Questo pomeriggio lo hanno ribadito, con “parole vere e non di circostanza”, anche il Sindaco di Bedonia e Gerardo, l’attuale Presidente della CRI, durante l’emozionante orazione funebre: “Sei andato, sei dovuto andare. Resta davvero un silenzio assordante e il vuoto che si crea attorno. Ci lasci però le tue piccole grandi manie, che altro non sono che l'amore per la tua Croce Rossa: «Ci sono le luci accese, c'è da chiudere il garage, un mezzo è rimasto fuori, c'è da archiviare questo articolo della Gazzetta, c'è da ringraziare questo e quello, abbiamo risposto subito, vero?». Ci hai insegnato che l'unica vera ragione di vita, per una vita davvero vissuta, per una vita vissuta bene, è Aiutare, con qualunque divisa, non importa il colore, ma farlo. Perché è meglio fare che non fare, tentare che rinunciare. Ci resta così la consapevolezza che sarai sempre con noi, oltre alla fortuna di aver conosciuto una persona speciale e che ci ha insegnato cos'è l'altruismo.

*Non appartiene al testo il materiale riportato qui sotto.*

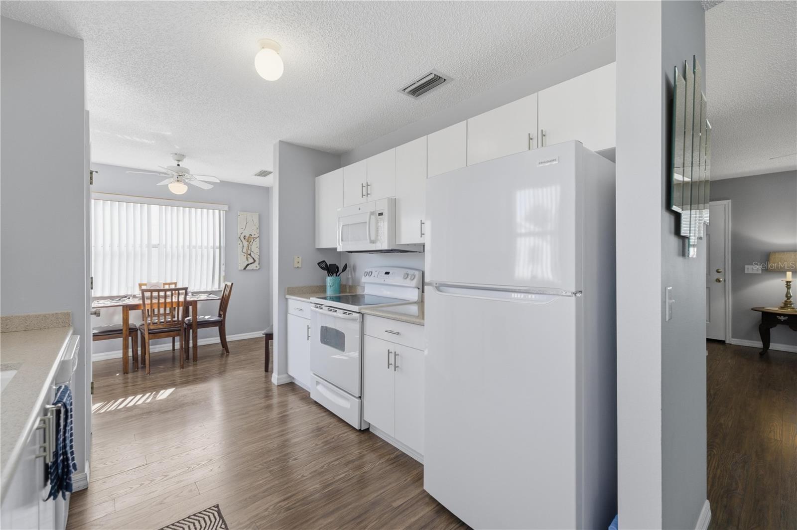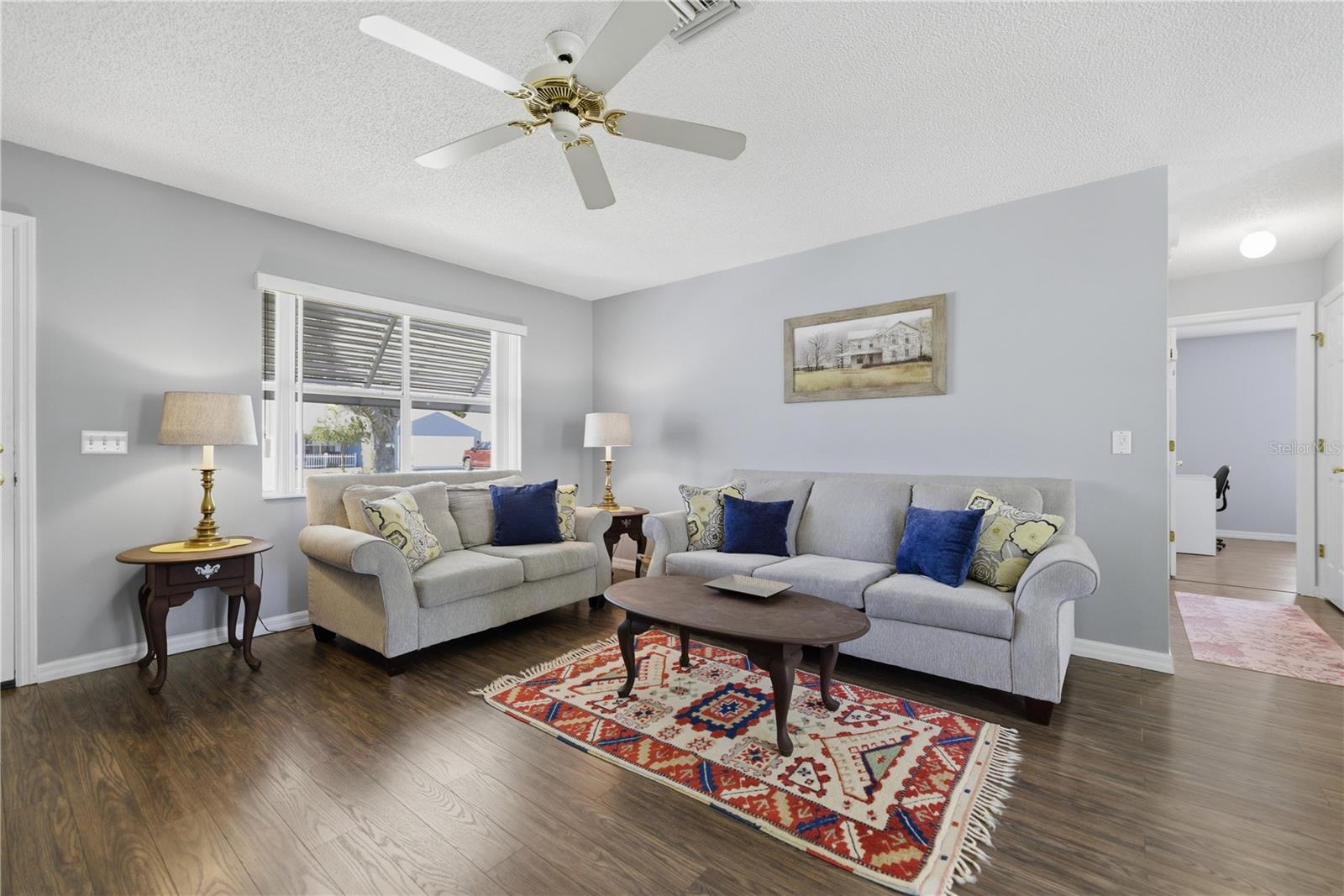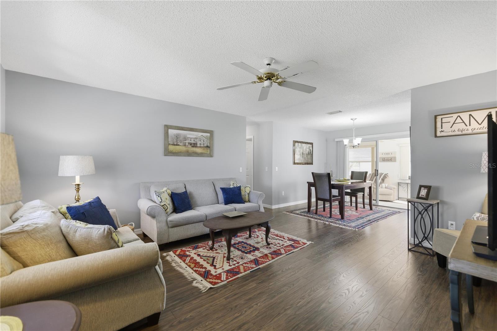 BOND PAID, ROOF 2025 and TRULY TURNKEY—Fully Furnished and READY TO ENJOY immediately. This is a fantastic opportunity to own a low-maintenance investment or second home in the sought-after Village of Mira Mesa. This charming two-bedroom, two-bath single-family home is well maintained, move-in ready, and thoughtfully designed for comfort and convenience. The warm, inviting interior features NO CARPET, with laminate wood flooring flowing throughout the main living areas. The spacious living room opens seamlessly to the dining area, creating an airy layout ideal for both everyday living and entertaining. The kitchen is well appointed with GRANITE countertops, a newer refrigerator, ample pearl- finished cabinetry, a pantry for extra storage, and a cozy BREAKFAST NOOK—perfect for casual meals or morning coffee. The primary suite offers a peaceful retreat with a generous walk-in closet and an en-suite bath featuring a walk-in shower. The guest bedroom is spacious and conveniently located next to the full bath with a tub/shower combination. Enjoy year-round Florida living in the FULLY ENCLOSED, air-conditioned lanai, ADDING OVER 130 square feet of additional living space—ideal for relaxing mornings or unwinding in the evenings. Additional highlights include a screened garage with room for a vehicle and golf cart, metal attic stairs for easy access, extra storage, NEWER WINDOWS, and turnkey furnishings included (Note Oriental Rugs are excluded from furnishings) Located minutes from Spanish Springs Town Square and Close to Sumter Landing, this home is ideally positioned near top tier amenities such as Championship Golf Courses and Country Clubs, Executive Courses, Pickleball, numerous pools, shuffleboard, bocce, as well as shopping, dining, and medical services.

Che bisogna aiutarsi, sempre e comunque. Una soluzione la si trova sempre, anche se si deve smuovere un monte intero”.
 
Praticamente lui e la Croce Rossa hanno camminato insieme per tutti questi anni. Ora possiamo dirlo: fino all’ultimo respiro, fino a quando i “suoi” ragazzi dell'ambulanza gli piombano in casa e tentano anche l’impossibile.